All three providers support streaming: Anthropic (message stream events), OpenAI (delta chunks), and Gemini (content stream).
Logging
Tutti uses structured logging via pino. All runtime events, provider calls, and errors are logged with structured context.
import { createLogger, logger } from "@tuttiai/core";
// Default logger
logger.info({ agent: "assistant" }, "Agent started");
// Custom named logger
const myLogger = createLogger("my-app");
Control the log level with the TUTTI_LOG_LEVEL environment variable:
TUTTI_LOG_LEVEL=debug npx tsx app.ts # debug, info, warn, error
In development, logs are colorized via pino-pretty. In production (NODE_ENV=production), logs output as raw JSON for log aggregation.
Telemetry
Tracing is always on — the runtime emits spans for every agent run, LLM call, and tool invocation through a built-in in-process tracer (TuttiTracer from @tuttiai/telemetry). No config needed for local inspection:
tutti-ai serve # in one shell
tutti-ai traces list # in another — see the last 20 runs
tutti-ai traces show <id> # render every span in a trace as an indented tree
tutti-ai traces tail # live-tail spans as they are emitted
To export spans to an external backend (Grafana Tempo, Honeycomb, Jaeger, etc.), add an OTLP endpoint to your score:
export default defineScore({
provider: new AnthropicProvider(),
telemetry: {
enabled: true,
endpoint: "http://localhost:4318", // OTLP HTTP endpoint
headers: { Authorization: "Bearer ..." }, // optional
},
agents: { /* ... */ },
});
Span tree:
agent.run (agent.name=assistant, session.id=abc-123)
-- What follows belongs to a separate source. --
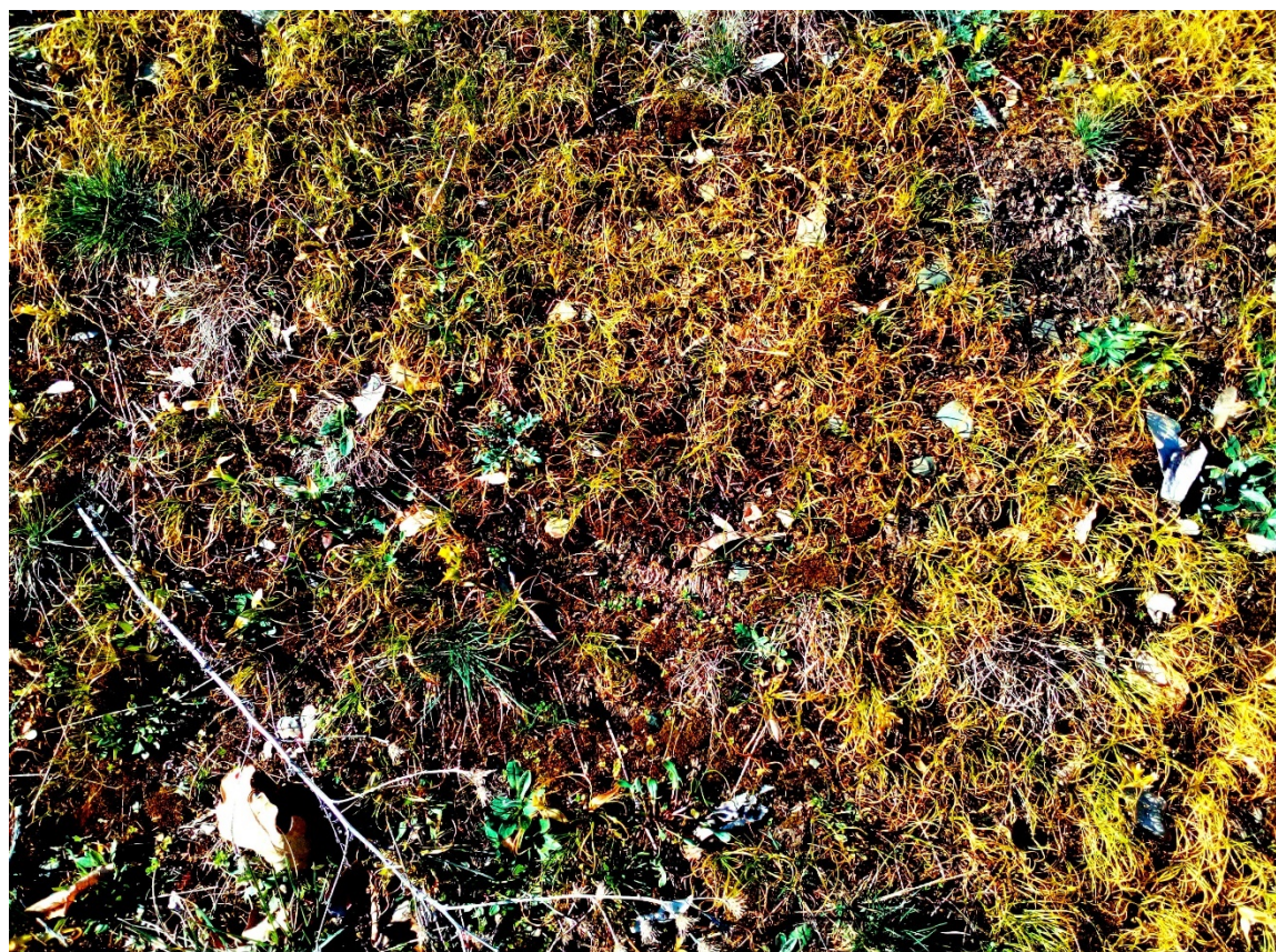
plocha 1 – sterilní koberce křivatce českého při horním lemu lomu (1. dubna)

├── llm.call (llm.model=claude-sonnet-4-20250514)
├── tool.call (tool.name=read_file)
├── llm.call (llm.model=claude-sonnet-4-20250514)
└── ...
Cost estimates are attached to every llm.call span via the built-in MODEL_PRICES table — register custom models with registerModelPrice() from @tuttiai/telemetry.
MCP Bridge
The @tuttiai/mcp voice wraps any MCP server as a Tutti voice. Tools are discovered dynamically at runtime:
import { McpVoice } from "@tuttiai/mcp";
const mcp = new McpVoice({ server: "npx @playwright/mcp" });
// The agent gets ALL tools from the MCP server
{
browser: {
name: "Browser",
system_prompt: "You control a browser.",
voices: [mcp],
permissions: ["network"],
},
}
The voice starts the MCP server as a child process, connects via stdio transport, calls listTools() to discover available tools, and proxies execute() calls through callTool().